EXERCISE BRIEF: Repeat the records below exactly from the line containing "英國(guó)財(cái)政" to the line containing "Deep red chiffon", taking in both of those lines. Drop the pictures.

━━━ GIVEN DATA

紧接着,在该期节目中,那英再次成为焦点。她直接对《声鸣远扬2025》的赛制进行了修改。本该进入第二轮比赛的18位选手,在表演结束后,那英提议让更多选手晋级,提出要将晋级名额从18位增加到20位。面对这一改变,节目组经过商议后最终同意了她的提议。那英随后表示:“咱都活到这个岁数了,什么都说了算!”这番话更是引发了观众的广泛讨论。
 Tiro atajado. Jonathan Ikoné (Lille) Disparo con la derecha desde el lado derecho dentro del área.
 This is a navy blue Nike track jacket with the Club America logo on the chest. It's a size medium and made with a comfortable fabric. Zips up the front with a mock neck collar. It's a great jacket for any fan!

━━━━━━
━━━ GIVEN DATA

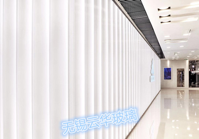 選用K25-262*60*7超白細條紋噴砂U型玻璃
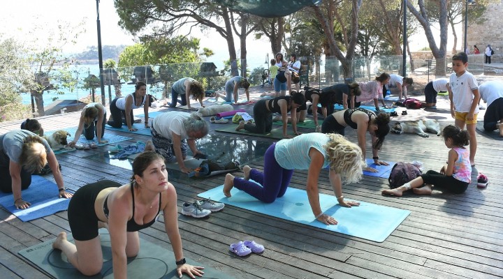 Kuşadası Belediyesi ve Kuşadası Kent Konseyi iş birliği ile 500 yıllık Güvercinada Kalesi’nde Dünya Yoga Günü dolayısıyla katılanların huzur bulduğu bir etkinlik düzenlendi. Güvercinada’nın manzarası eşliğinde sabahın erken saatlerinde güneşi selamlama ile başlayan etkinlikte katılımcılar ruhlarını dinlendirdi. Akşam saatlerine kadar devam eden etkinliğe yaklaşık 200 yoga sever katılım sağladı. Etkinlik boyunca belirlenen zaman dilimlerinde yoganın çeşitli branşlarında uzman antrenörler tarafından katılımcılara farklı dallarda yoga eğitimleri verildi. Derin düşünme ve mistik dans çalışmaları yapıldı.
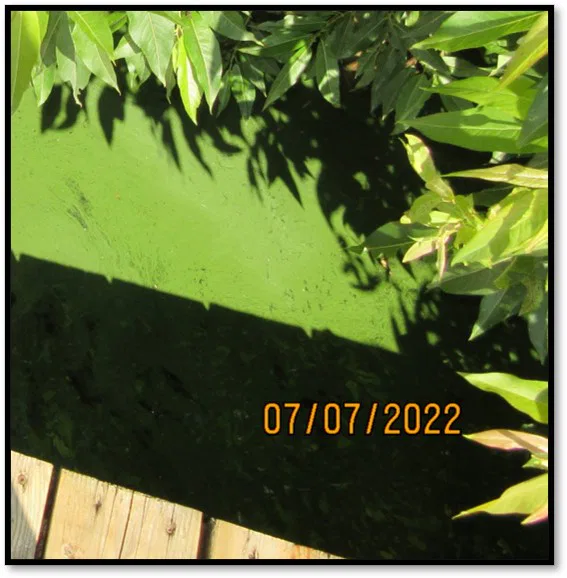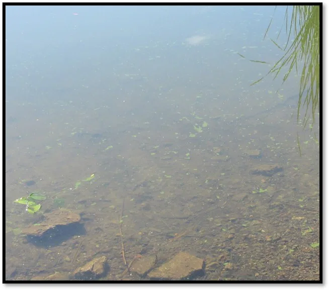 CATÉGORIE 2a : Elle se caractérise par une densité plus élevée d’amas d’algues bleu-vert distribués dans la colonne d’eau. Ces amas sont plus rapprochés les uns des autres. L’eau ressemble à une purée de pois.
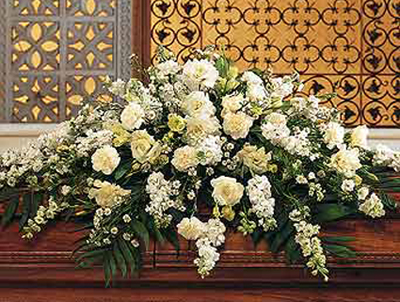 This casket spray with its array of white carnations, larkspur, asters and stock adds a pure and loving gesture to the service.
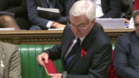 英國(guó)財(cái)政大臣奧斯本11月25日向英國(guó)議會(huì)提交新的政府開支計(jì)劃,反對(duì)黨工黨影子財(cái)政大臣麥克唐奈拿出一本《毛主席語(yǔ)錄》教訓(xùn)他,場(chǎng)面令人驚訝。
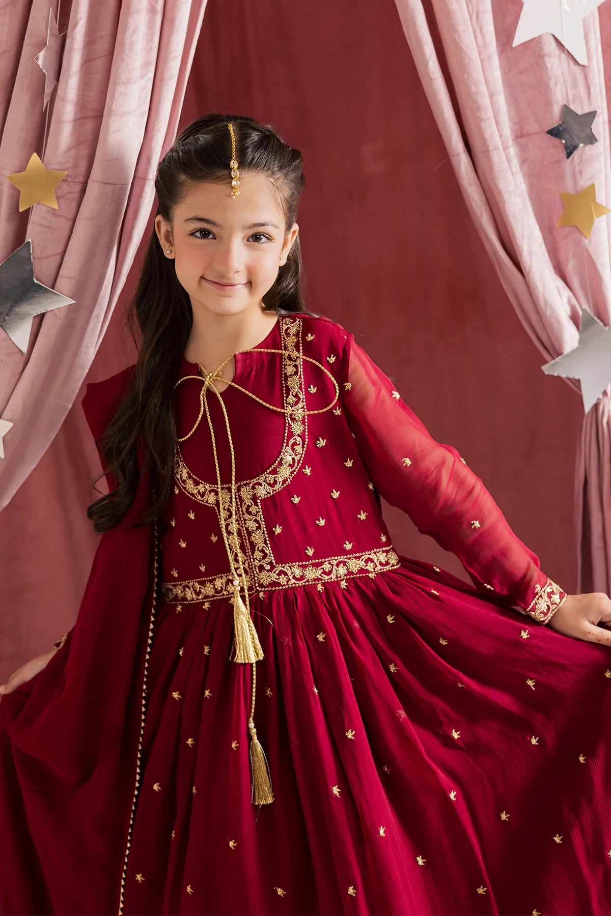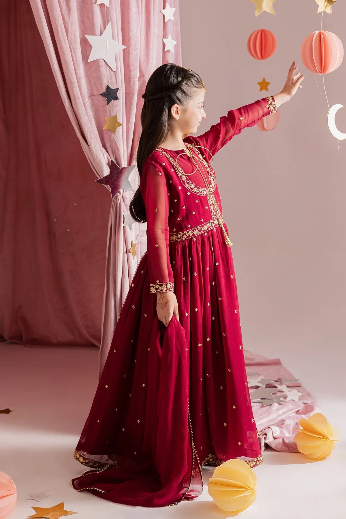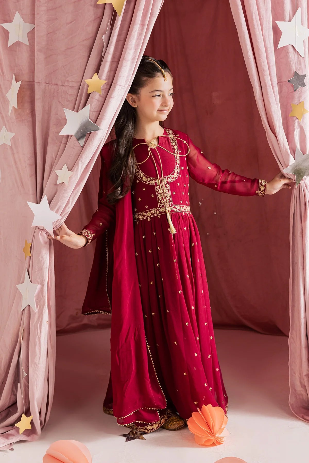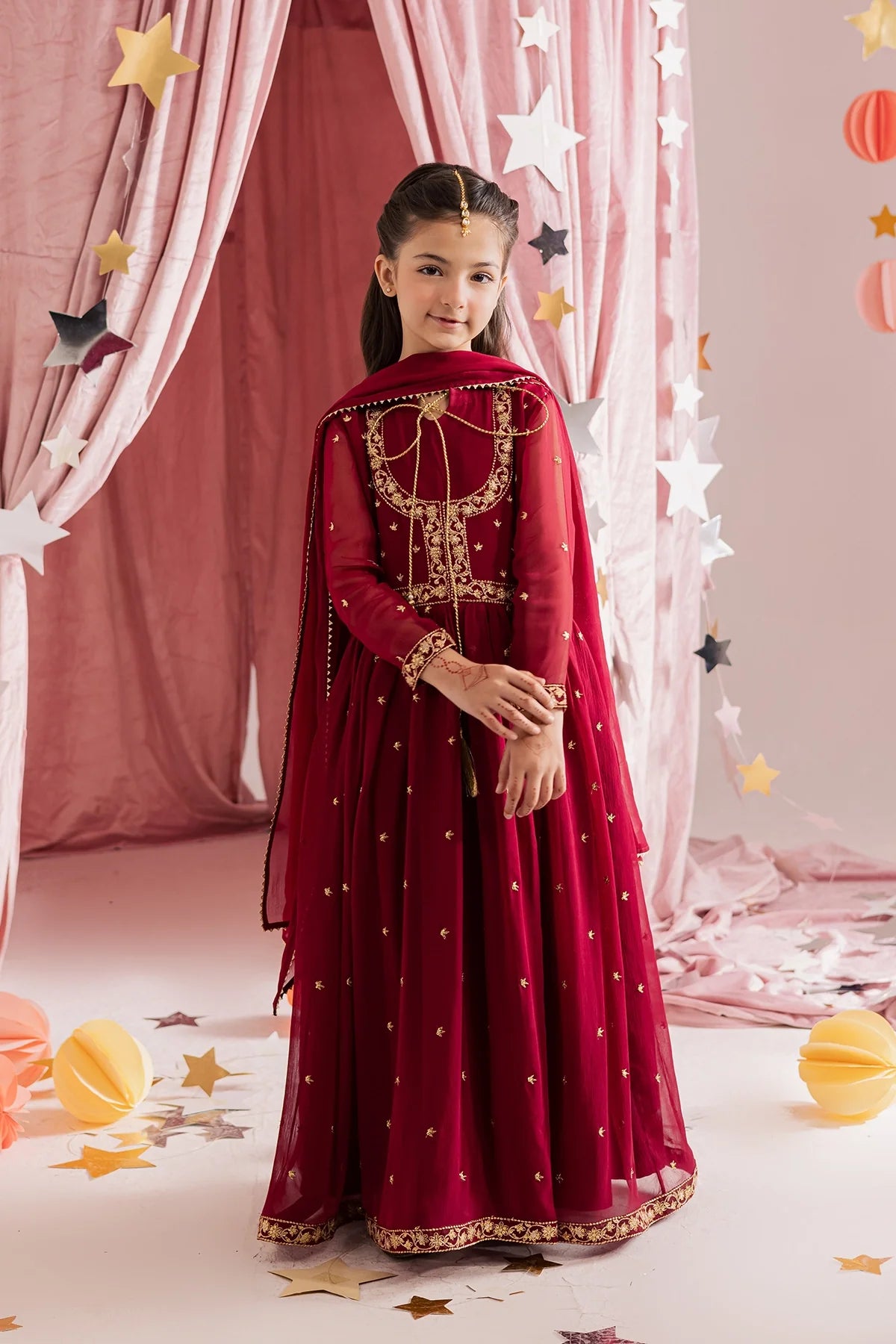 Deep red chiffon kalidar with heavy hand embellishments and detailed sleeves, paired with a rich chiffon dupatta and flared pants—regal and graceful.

━━━━━━

ANSWER FOR THE TASK:
 英國(guó)財(cái)政大臣奧斯本11月25日向英國(guó)議會(huì)提交新的政府開支計(jì)劃,反對(duì)黨工黨影子財(cái)政大臣麥克唐奈拿出一本《毛主席語(yǔ)錄》教訓(xùn)他,場(chǎng)面令人驚訝。
 Deep red chiffon kalidar with heavy hand embellishments and detailed sleeves, paired with a rich chiffon dupatta and flared pants—regal and graceful.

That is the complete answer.